Журнальный клуб Интелрос » НЛО » №129, 2014
К о л ч е в А. Частный случай. — Шупашкар: Free poetry, 2013. — 88 с.;
Он же. Несовершенный вид. — Нижний Новгород:
Приволжский филиал ГЦСИ, 2013. — 118 с. — (Поэтическая серия Арсенала);
Он же. Лубок к родине / Предисл. В. Бородина;
послесл. В. Лехциера. — Самара: Цирк «Олимп» + TV, 2013. — 90 c. —
(Поэтическая серия «Цирка «Олимп» + TV»).
Поэт Алексей Колчев ушел от нас 16 мая 2014 года, в возрасте 38 лет. Те три книги, что обозреваются в этой статье, были изданы почти одновременно и в сумме дают объемное представление о творчестве поэта.

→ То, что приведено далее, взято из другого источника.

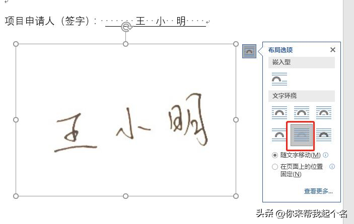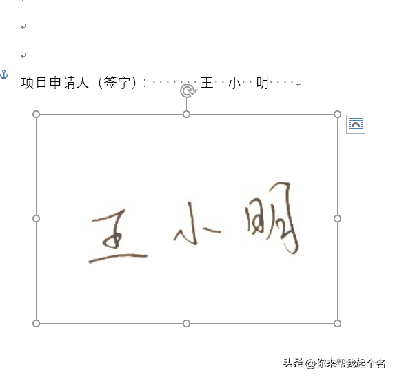 【第七步】拖拉图片,调整合适大小,并放置在待签字处的下方。

Но при разговоре об этих книгах я хотел бы уйти от присущей некрологам скорбной ноты, посмотрев на них как на живую и важную часть современной литературы.
В историческом районе Рязани, родного города Алексея Колчева, напротив кремля, возвышается памятник наиболее известному поэту этих мест — Сергею Есенину. Изображенный по пояс каменный поэт, на лице которого застыло характерное отрешенное выражение, как бы поднимается из земли, восстает из-под придавивших его глыб почвы. Это памятник зомби, заставляющий вспомнить об огромных мертвецах Гоголя, растущих под землей, чтобы в нужный час выбраться на поверхность, сотрясая окрестные земли. Каменный Есенин, поднявшись из-под земли почти по грудь, разгребает глинистую почву, стремясь подняться выше — во весь свой титанический рост. И мне кажется, что образ зомби — похороненной реальности, что не может успокоиться и восстает к новой, но уже бессознательной жизни, — ключевой для поэзии Алексея Колчева.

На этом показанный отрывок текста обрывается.